▶ [Assignment] Images excepted, the data below must be repeated exactly.

▶ [Dataset extract]
•••
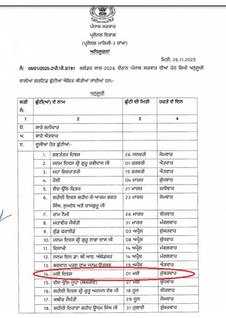 ਹਰ ਸਾਲ ਮਨਾਏ ਜਾਂਦੇ ਮਜ਼ਦੂਰ ਦਿਵਸ ਦੇ ਸਬੰਧ ਵਿੱਚ ਇਸ ਦਿਨ ਪੰਜਾਬ ਦੇ ਸਾਰੇ ਸਰਕਾਰੀ ਦਫ਼ਤਰ, ਬੋਰਡ, ਕਾਰਪੋਰੇਸ਼ਨ ਅਤੇ ਸਰਕਾਰੀ ਵਿੱਦਿਅਕ ਅਦਾਰੇ ਬੰਦ ਰਹਿਣਗੇ।
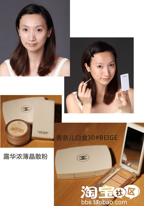 然后用菲菲怎么都用不完的香家白盒薄薄的铺上一层,接着用大号的散粉扫把有珠光效果的露华浓薄晶散粉扫在高光位置:额头,鼻梁,颧骨上方,下巴。
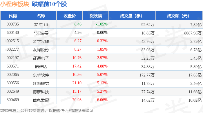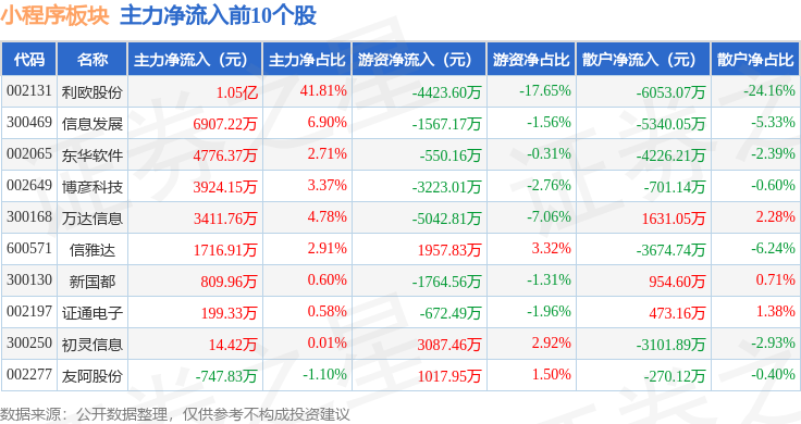 从资金流向上来看,当日小程序板块主力资金净流入1.36亿元,游资资金净流出8365.51万元,散户资金净流出5206.15万元。小程序板块个股资金流向见下表:
•••
▶ [Solution to this exercise]
 ਹਰ ਸਾਲ ਮਨਾਏ ਜਾਂਦੇ ਮਜ਼ਦੂਰ ਦਿਵਸ ਦੇ ਸਬੰਧ ਵਿੱਚ ਇਸ ਦਿਨ ਪੰਜਾਬ ਦੇ ਸਾਰੇ ਸਰਕਾਰੀ ਦਫ਼ਤਰ, ਬੋਰਡ, ਕਾਰਪੋਰੇਸ਼ਨ ਅਤੇ ਸਰਕਾਰੀ ਵਿੱਦਿਅਕ ਅਦਾਰੇ ਬੰਦ ਰਹਿਣਗੇ।
 然后用菲菲怎么都用不完的香家白盒薄薄的铺上一层,接着用大号的散粉扫把有珠光效果的露华浓薄晶散粉扫在高光位置:额头,鼻梁,颧骨上方,下巴。
 从资金流向上来看,当日小程序板块主力资金净流入1.36亿元,游资资金净流出8365.51万元,散户资金净流出5206.15万元。小程序板块个股资金流向见下表:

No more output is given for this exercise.